What is required:
Write the data out in full and word for word. Do not include images.
[[ Records to process, beginning ]]
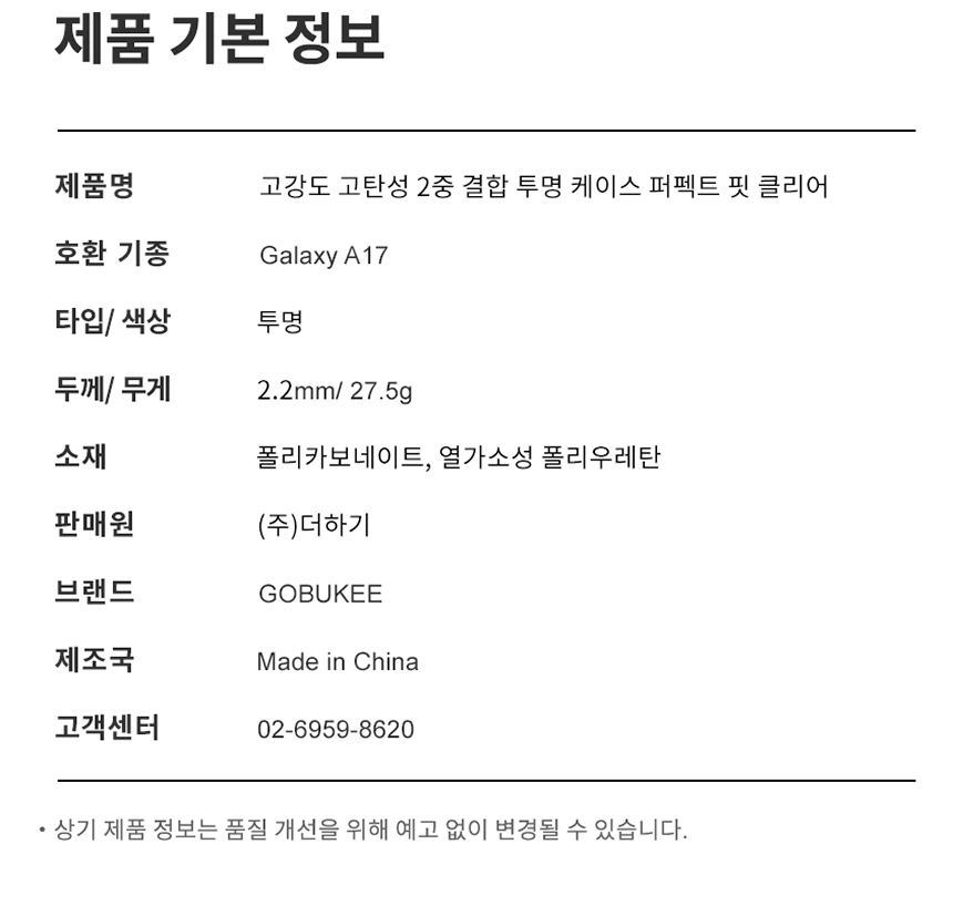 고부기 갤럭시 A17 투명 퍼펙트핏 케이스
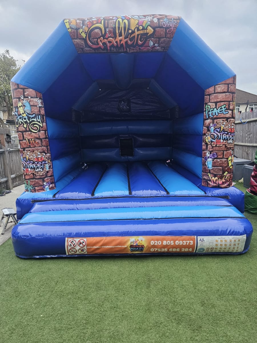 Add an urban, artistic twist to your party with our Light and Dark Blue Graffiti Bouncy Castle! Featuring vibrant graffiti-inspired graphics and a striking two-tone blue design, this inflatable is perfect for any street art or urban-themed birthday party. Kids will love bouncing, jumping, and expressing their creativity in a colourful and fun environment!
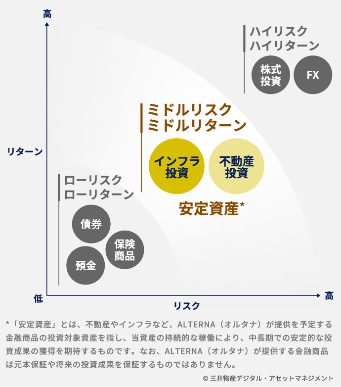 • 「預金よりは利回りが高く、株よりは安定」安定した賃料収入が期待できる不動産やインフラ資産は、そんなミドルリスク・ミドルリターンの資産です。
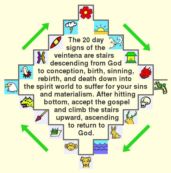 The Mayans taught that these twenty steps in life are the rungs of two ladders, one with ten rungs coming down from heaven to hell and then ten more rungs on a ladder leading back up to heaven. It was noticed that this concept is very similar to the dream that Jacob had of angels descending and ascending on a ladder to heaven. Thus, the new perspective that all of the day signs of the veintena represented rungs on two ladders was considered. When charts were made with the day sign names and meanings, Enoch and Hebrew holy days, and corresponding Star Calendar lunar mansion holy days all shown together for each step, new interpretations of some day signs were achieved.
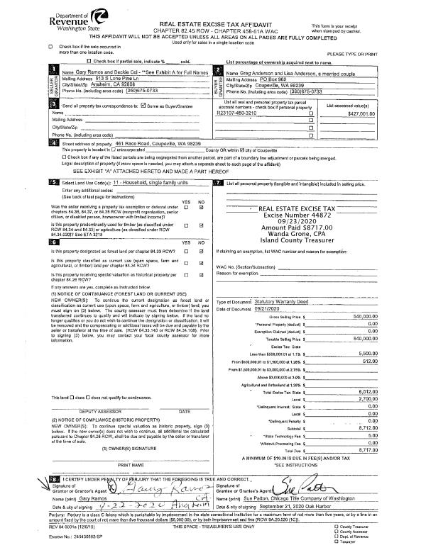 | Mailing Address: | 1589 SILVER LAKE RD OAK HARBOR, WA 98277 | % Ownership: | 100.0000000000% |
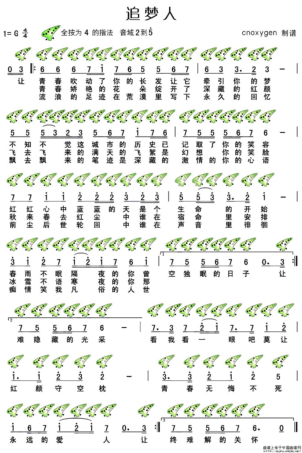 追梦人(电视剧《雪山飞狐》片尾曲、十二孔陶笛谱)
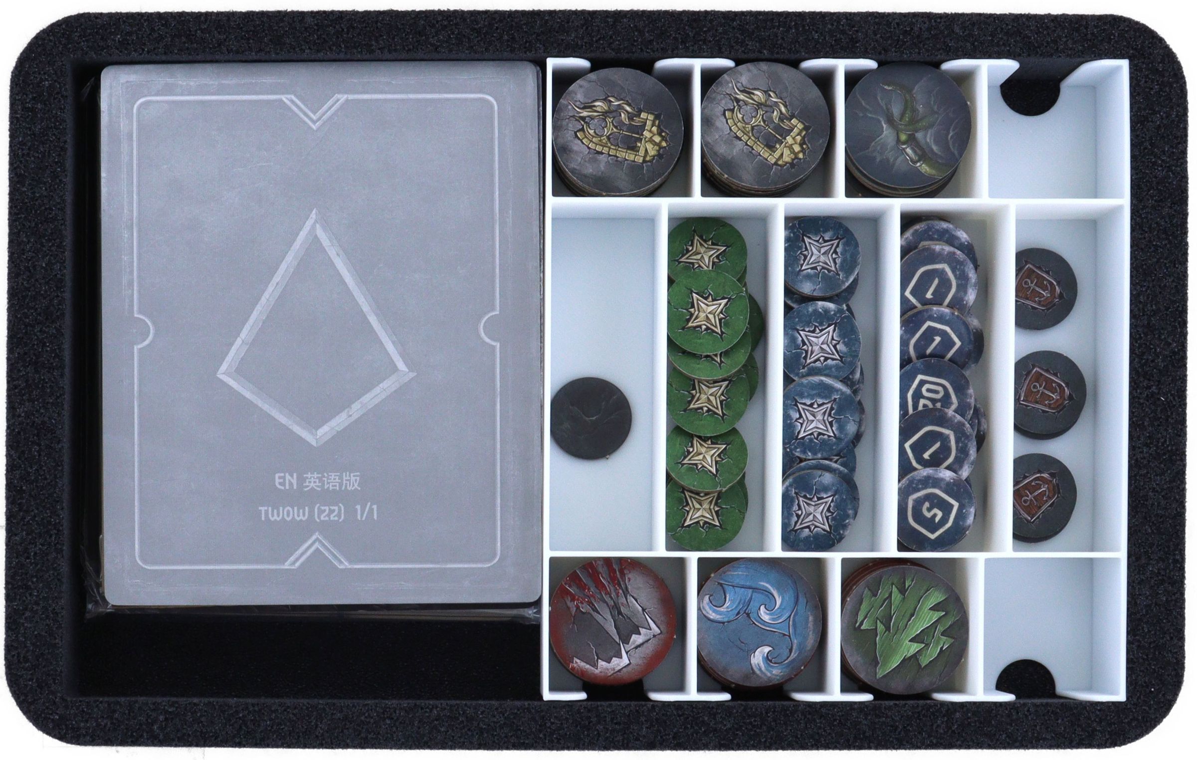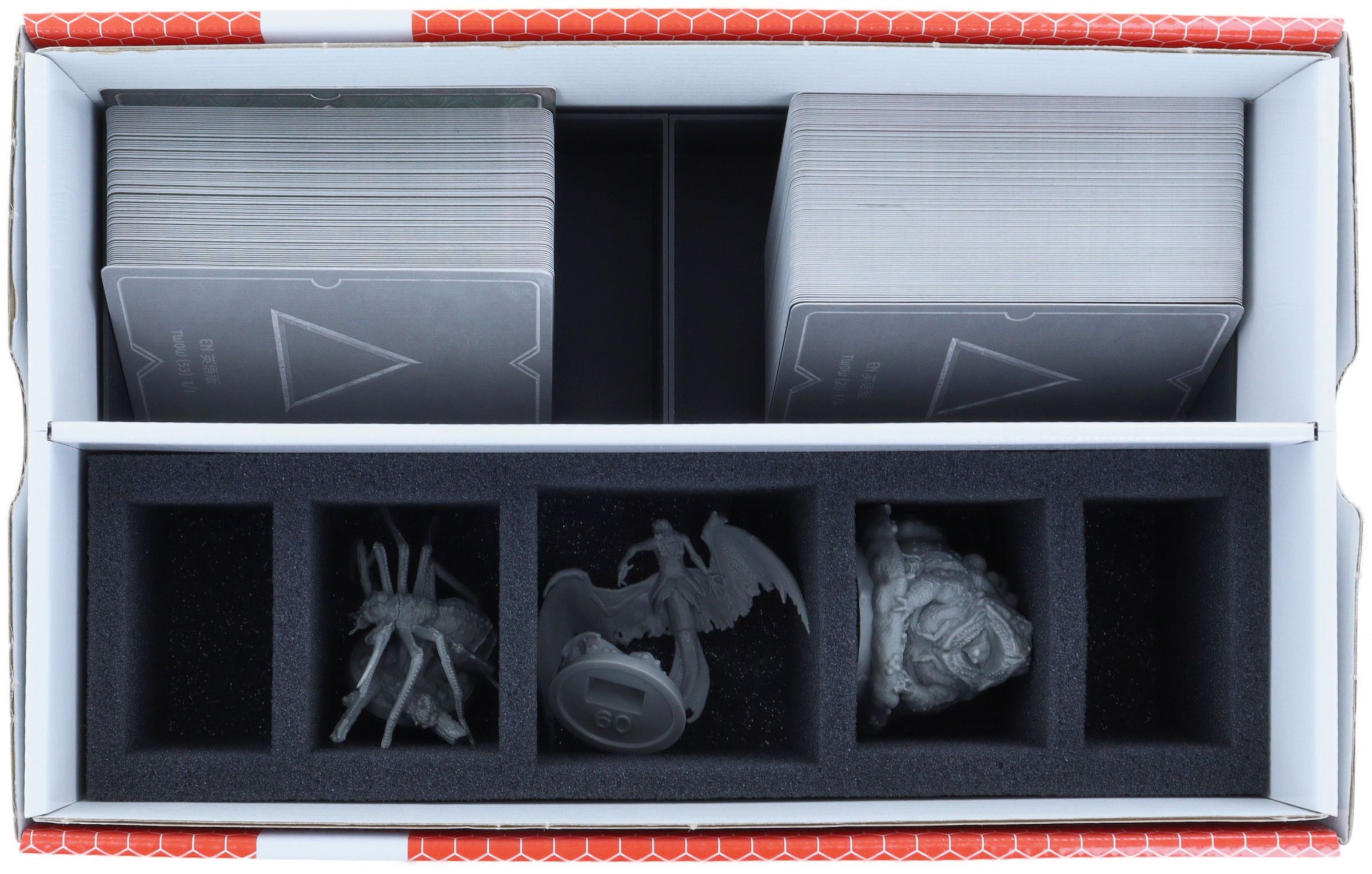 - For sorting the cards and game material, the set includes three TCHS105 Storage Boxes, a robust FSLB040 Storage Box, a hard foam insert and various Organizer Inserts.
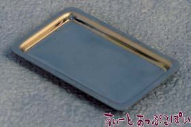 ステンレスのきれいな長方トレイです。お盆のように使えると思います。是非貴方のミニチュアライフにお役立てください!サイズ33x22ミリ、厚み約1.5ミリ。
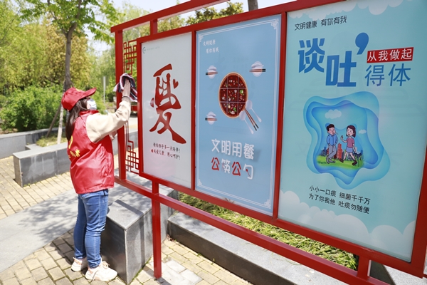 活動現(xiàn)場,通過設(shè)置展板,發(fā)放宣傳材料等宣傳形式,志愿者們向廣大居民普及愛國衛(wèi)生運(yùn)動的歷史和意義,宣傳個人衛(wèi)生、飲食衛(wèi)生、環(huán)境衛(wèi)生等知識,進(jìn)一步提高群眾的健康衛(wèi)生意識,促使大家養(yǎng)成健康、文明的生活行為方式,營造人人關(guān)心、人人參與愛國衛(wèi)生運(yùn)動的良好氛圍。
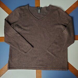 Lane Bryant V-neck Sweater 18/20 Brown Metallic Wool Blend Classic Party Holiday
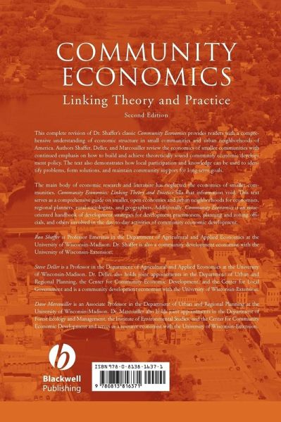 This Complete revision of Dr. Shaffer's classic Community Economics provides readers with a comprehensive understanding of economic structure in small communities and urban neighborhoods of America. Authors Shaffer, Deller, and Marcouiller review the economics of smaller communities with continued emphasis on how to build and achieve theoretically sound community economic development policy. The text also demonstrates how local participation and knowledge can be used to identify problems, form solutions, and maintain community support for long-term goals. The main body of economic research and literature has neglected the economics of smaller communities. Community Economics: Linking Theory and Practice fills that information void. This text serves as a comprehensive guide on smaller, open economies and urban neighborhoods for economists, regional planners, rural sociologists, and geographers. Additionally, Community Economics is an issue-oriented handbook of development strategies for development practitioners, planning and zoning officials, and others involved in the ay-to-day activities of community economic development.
[[ Records to process, end ]]
Task output:
 고부기 갤럭시 A17 투명 퍼펙트핏 케이스
 Add an urban, artistic twist to your party with our Light and Dark Blue Graffiti Bouncy Castle! Featuring vibrant graffiti-inspired graphics and a striking two-tone blue design, this inflatable is perfect for any street art or urban-themed birthday party. Kids will love bouncing, jumping, and expressing their creativity in a colourful and fun environment!
 • 「預金よりは利回りが高く、株よりは安定」安定した賃料収入が期待できる不動産やインフラ資産は、そんなミドルリスク・ミドルリターンの資産です。
 The Mayans taught that these twenty steps in life are the rungs of two ladders, one with ten rungs coming down from heaven to hell and then ten more rungs on a ladder leading back up to heaven. It was noticed that this concept is very similar to the dream that Jacob had of angels descending and ascending on a ladder to heaven. Thus, the new perspective that all of the day signs of the veintena represented rungs on two ladders was considered. When charts were made with the day sign names and meanings, Enoch and Hebrew holy days, and corresponding Star Calendar lunar mansion holy days all shown together for each step, new interpretations of some day signs were achieved.
 | Mailing Address: | 1589 SILVER LAKE RD OAK HARBOR, WA 98277 | % Ownership: | 100.0000000000% |
 追梦人(电视剧《雪山飞狐》片尾曲、十二孔陶笛谱)
 - For sorting the cards and game material, the set includes three TCHS105 Storage Boxes, a robust FSLB040 Storage Box, a hard foam insert and various Organizer Inserts.
 ステンレスのきれいな長方トレイです。お盆のように使えると思います。是非貴方のミニチュアライフにお役立てください!サイズ33x22ミリ、厚み約1.5ミリ。
 活動現(xiàn)場,通過設(shè)置展板,發(fā)放宣傳材料等宣傳形式,志愿者們向廣大居民普及愛國衛(wèi)生運(yùn)動的歷史和意義,宣傳個人衛(wèi)生、飲食衛(wèi)生、環(huán)境衛(wèi)生等知識,進(jìn)一步提高群眾的健康衛(wèi)生意識,促使大家養(yǎng)成健康、文明的生活行為方式,營造人人關(guān)心、人人參與愛國衛(wèi)生運(yùn)動的良好氛圍。
 Lane Bryant V-neck Sweater 18/20 Brown Metallic Wool Blend Classic Party Holiday
 This Complete revision of Dr. Shaffer's classic Community Economics provides readers with a comprehensive understanding of economic structure in small communities and urban neighborhoods of America. Authors Shaffer, Deller, and Marcouiller review the economics of smaller communities with continued emphasis on how to build and achieve theoretically sound community economic development policy. The text also demonstrates how local participation and knowledge can be used to identify problems, form solutions, and maintain community support for long-term goals. The main body of economic research and literature has neglected the economics of smaller communities. Community Economics: Linking Theory and Practice fills that information void. This text serves as a comprehensive guide on smaller, open economies and urban neighborhoods for economists, regional planners, rural sociologists, and geographers. Additionally, Community Economics is an issue-oriented handbook of development strategies for development practitioners, planning and zoning officials, and others involved in the ay-to-day activities of community economic development.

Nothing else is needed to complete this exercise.